Disputes come up for hearing and offenders are sometimes punished with imprisonment, while none challenges its authority though it is not a court of law.
The system of Gramya Adalat (village court) and Bandishala (village jail) is in vogue in Gautami gram panchayat of Sanakhemundi block of Orissa’s Ganjam district, about 35 km from here.
“The village adalat sits regularly to decide the disputes, said Sarpanch of the gram panchayat Sushant Swain.
“Those sentenced to imprisonment are locked in a one room jail with a guard,” he said.
The cases that come up for hearing range from family disputes to those over land, he said.
The village court comprises members of the village committee and elderly persons whose word is law.
Since liquor is considered one of the main causes of most disputes, total prohibition is enforced in the panchayat, the sarpanch said.

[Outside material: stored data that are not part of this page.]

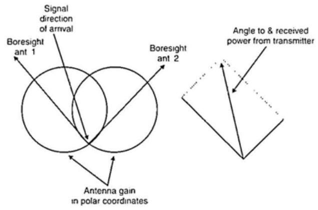 为了理解这种方法如何确定辐射源位置,我们考虑如图8.15所示的两个相距\(90^{\circ}\)的背腔螺旋天线。两根天线的增益模式用极坐标表示。每根天线的输出送入接收机,接收机测量接收功率。从图中可见,天线1接收的功率显著大于天线2,因为入射信号路径更接近天线1的主轴。再看矢量图:两天线接收信号的矢量和指向发射机,其长度与接收功率成正比。如果信号入射方向在两天线主轴之间(且相隔\(90^{\circ}\)),则可由天线1接收功率P1和天线2接收功率P2轻松计算入射方向和接收信号功率:
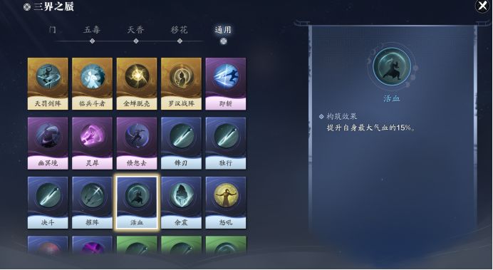 每个门派的3个基础技能都有不同的强化效果,分别为金色、紫色、蓝色、绿色,可以通过关卡奖励获取,也可以从神秘商人处购买金色的职业技能箱子获取。
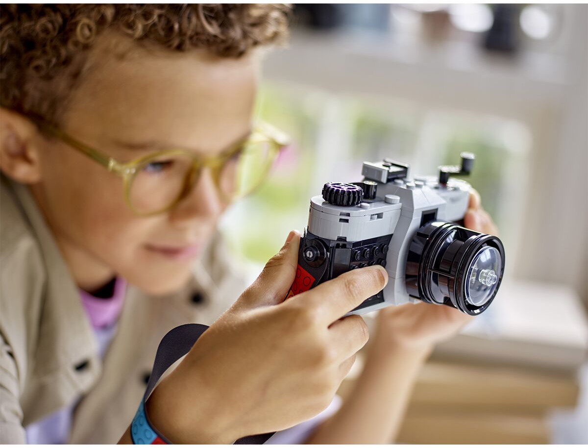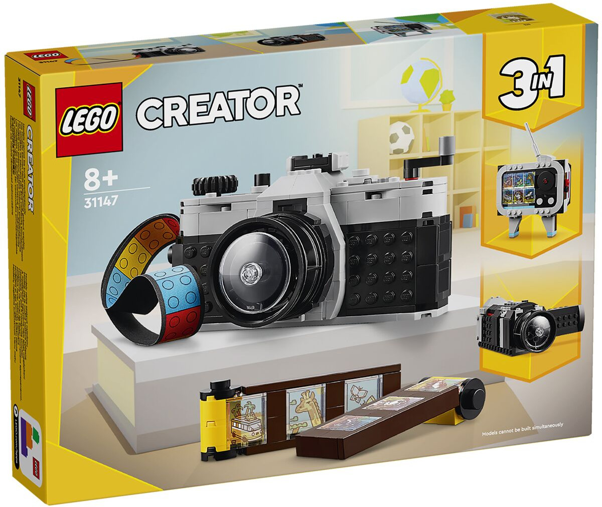 • три ретро-игрушки в одной коробке — дети от 8 лет и старше могут собрать и восстановить три разные модели культовых устройств, используя одни и те же кубики из набора LEGO® Creator Retro Camera.
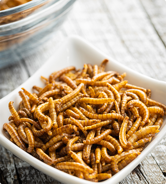 Larvy sušených Moučných červů jsou 100% přírodní doplňkové krmivo pro ptáky, ryby, ještěrky, leguány, želvy, žáby, ježky, křečky, myši, potkany, malé savce, kočky a psy.

The police said that hardly any case was reported from the panchayat, which covers eight villages with a population of 10,000.

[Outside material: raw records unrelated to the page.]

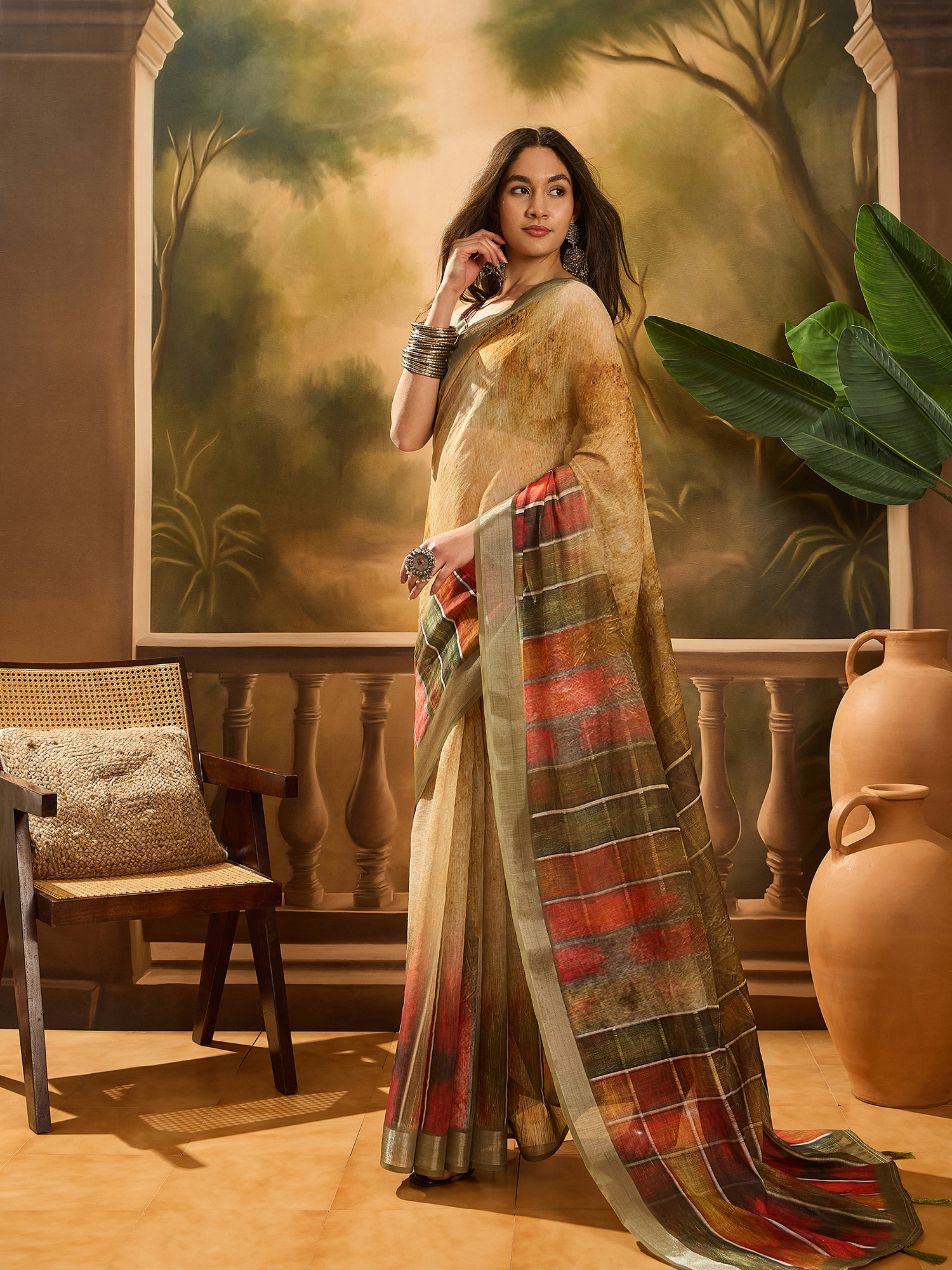 • Saree Fabric-Linen Cotton Blend ,Blouse Fabric-Linen Cotton Blend
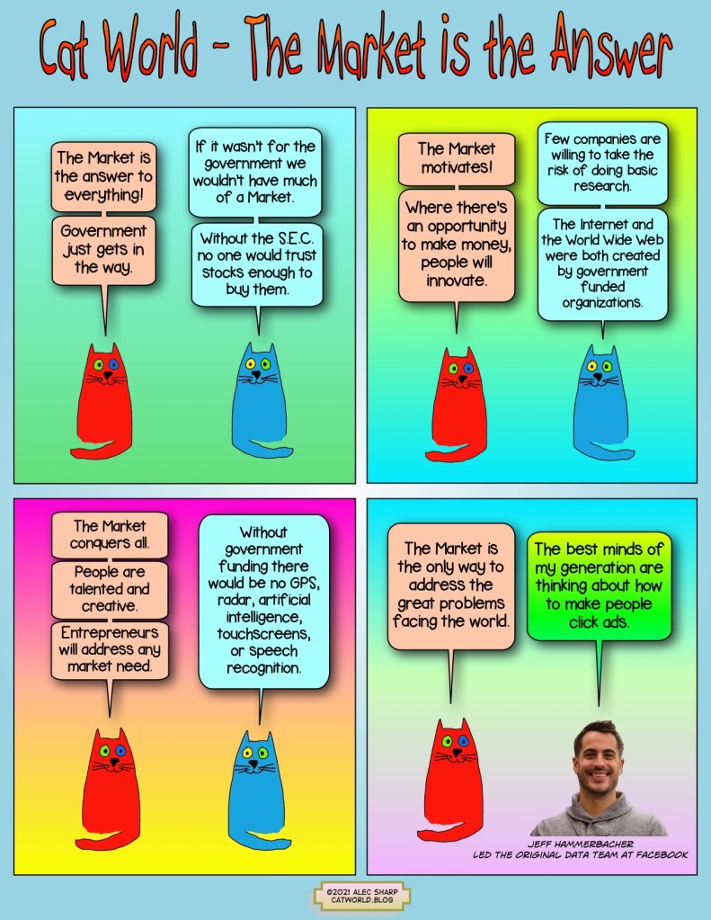 Capitalism, Social Media The Market is the Answer Posted on March 9, 2021 by Alec in Capitalism, Social Media Some people believe the free market is the answer to all problems. But what problems does it really solve? Share this: Click to share on X (Opens in new window) X Click to share on Facebook (Opens in new window) Facebook Like Loading...
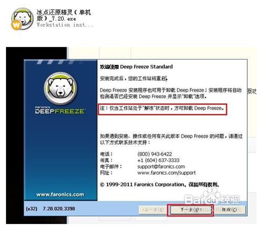 1、找到剛才下載的冰點還原精靈安裝程序打開進(jìn)行安裝,出現(xiàn)安裝界面,按圖示選擇“下一步”
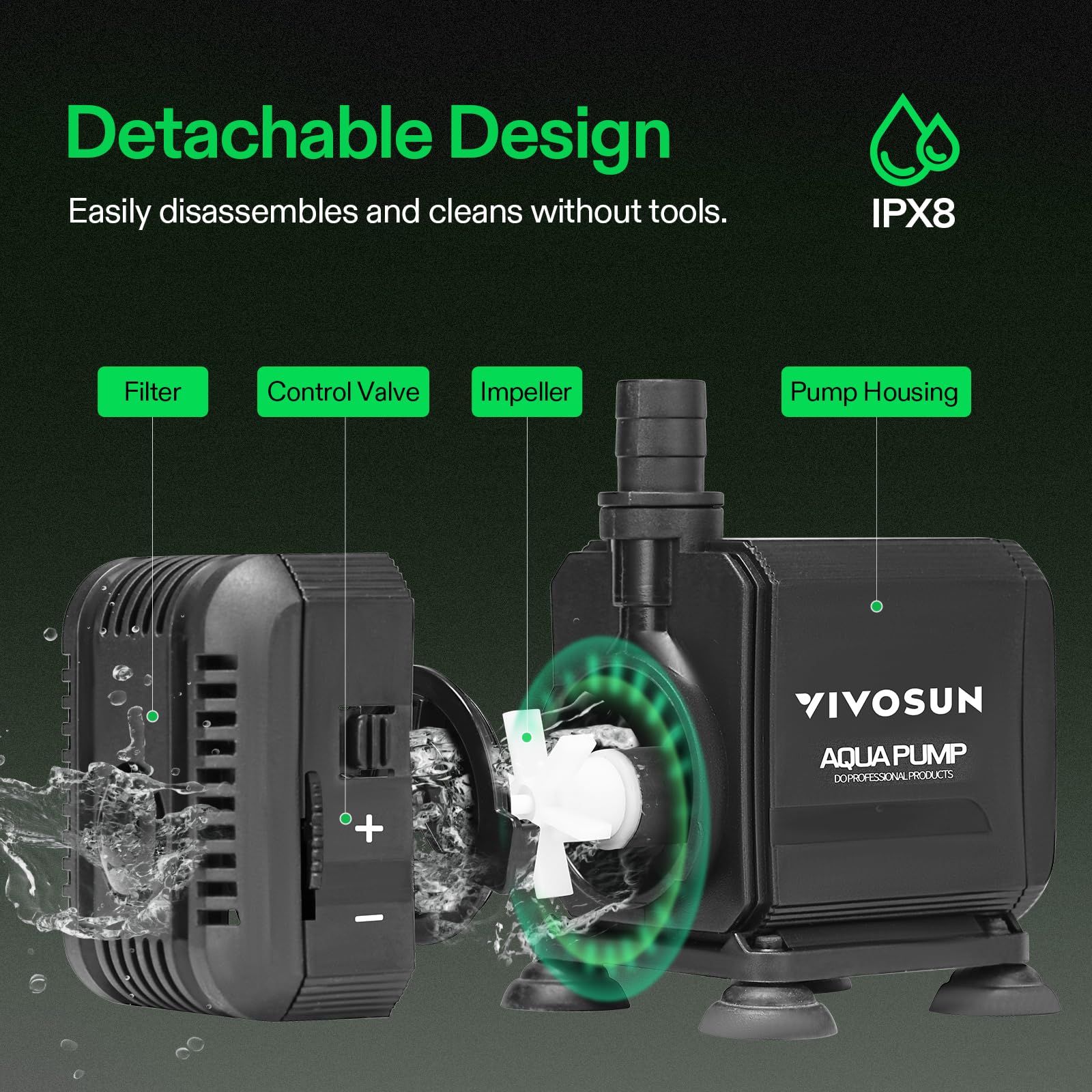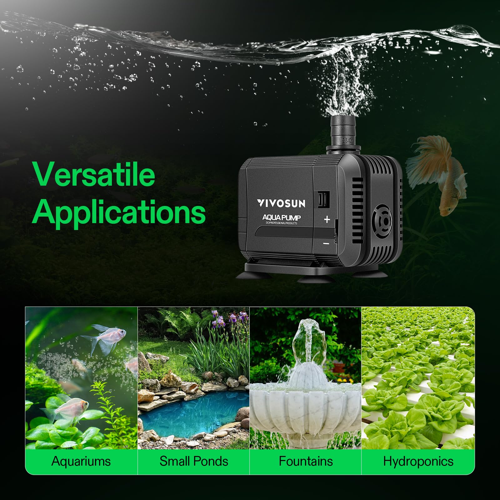 Wide Range of Application: High performance energy-efficient pump designed for use in ponds, fountains, waterfalls, hydroponic systems, irrigation systems and other water features

“Hardly any case is reported from the villages,” said Sub—Divisional Police Officer (Berhampur Sadar) Gagarin Mohanty.
“It has been our tradition to solve disputes at the village level from pre-independence days,” an elderly villager said. “No one defies a one defies a decision by the village adalat.”
It was adjudged the best panchayat in Orissa for 2008-09 and its sarpanch rewarded by the government on Panchayat Raj Day on March 5 with a cash prize of Rs. 1,00,000.
The CPI district unit also felicitated the sarpanch.
The panchayat has the distinction of electing its sarpanch unopposed since 1956.
The election for the post of sarpanch is not held in the panchayat, said CPI district unit secretary Prakash Patra. “The villagers sit together and select the sarpanch and ward members on their own.”
There is also a village development committee, which meets to decide on development work in the panchayat.
Government projects in the village are executed by the village committee and no contractor is allowed.